Moreover, the record fails to show that the jury improperly considered the policy limits and that Goss was thereby prejudiced or oppressed. Ashley proved she had incurred $17,455.36 in medical expenses. She testified about her lost wages, impaired work ability, and current constant stabbing pain in her chest. Her treating physician of almost two years testified that he considered her injuries to be permanent and painful. He also described her physical limitations, her inability to work, her need for continuing medical treatment and her likely future pain and suffering. Her physician estimated that the therapy she needed for pain management would likely cost $45,000 to $50,000 or more. He testified that her monthly prescription bill was about $150. The amount of the judgment, $107,000, supports a reasonable inference that the jury based its verdict on the evidence of Ashley’s damages and adhered to the court’s cautionary instructions. See Tarleton v. Griffin Fed. Savings Bank, 202 Ga. App. 454, 455 (2) (b) (415 SE2d 4) (1992) (appellant must show harm and error to prevail). Under these facts, no harm to Goss was shown.
Nor can I agree that the unanswered question about the policy limit injected Goss’ wealth into the case. The majority does not cite to a scintilla of evidence in the record which shows that Goss’ financial condition was disclosed to the jury.
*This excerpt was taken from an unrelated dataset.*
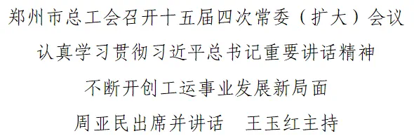 5月7日,郑州市总工会十五届四次常委(扩大)会议召开,学习贯彻习近平总书记在庆祝中华全国总工会成立100周年暨全国劳动模范和先进工作者表彰大会上的重要讲话精神,贯彻全总、省总、市委部署要求,安排落实举措。市人大常委会副主任、市总工会主席周亚民出席并讲话,市总工会党组书记、常务副主席王玉红主持。全国劳动模范和先进工作者代表郭超、陶留海、马玉璞发言。
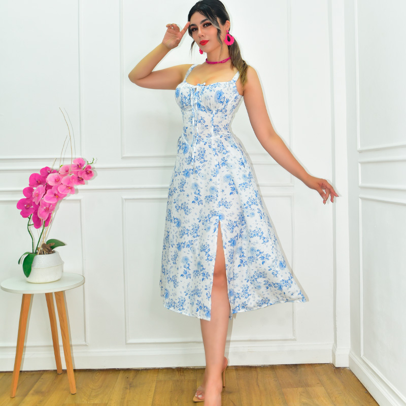 Vestido floral de tirantes anchos. Jaretas en escote para ajustar. Elástico fruncido en espalda. Cierre invisible al costado. Con bolsillos laterales. Acabado semisatinado. Super fresco y elegante.

Even assuming that Goss had obtained a $1 million policy, such fact, even if true, would not prove that Goss’ business was lucrative, profitable, or flourishing, just that Goss was law-abiding and prudent by obtaining substantial liability insurance protection. Compare Adams v. Camp Harmony Assn., 190 Ga. App. 506, 507 (1) (379 SE2d 407) (1989) (impassioned remarks of defense counsel impermissibly prejudiced jurors by eliciting sympathy that camp would have to be shut down and that the future of “fine little boys” would be obliterated if plaintiffs prevailed).
I believe that the court’s carefully crafted curative instruction obviated the need for a mistrial. See Towe, 193 Ga. App. at 271 (1). To hold otherwise is to conclude that any question about insurance policy limits, even though not answered, automatically necessitates a mistrial. This is plainly not the law. Dubose, 222 Ga. App. at 100. To follow the majority’s mechanistic approach is to completely divest a trial court of its right to exercise discretion. Such an approach invites the possibility of abuse, where a savvy attorney who perceives the case is proceeding poorly could strategically elect to ask the forbidden question to trigger an automatic mistrial.
Having found no evidence of a manifest abuse of discretion in the *360trial court’s use of a proper and complete curative instruction, I must respectfully dissent. See id.
Decided August 21, 1997 Reconsideration denied September 4, 1997 McNatt, Greene & Thompson, Hugh B. McNatt, Richard S. Thompson, for appellants. Salter & Shook, Mitchell M. Shook, Susan S. Shook, for appellee.I am authorized to state that Presiding Judge McMurray joins in this dissent.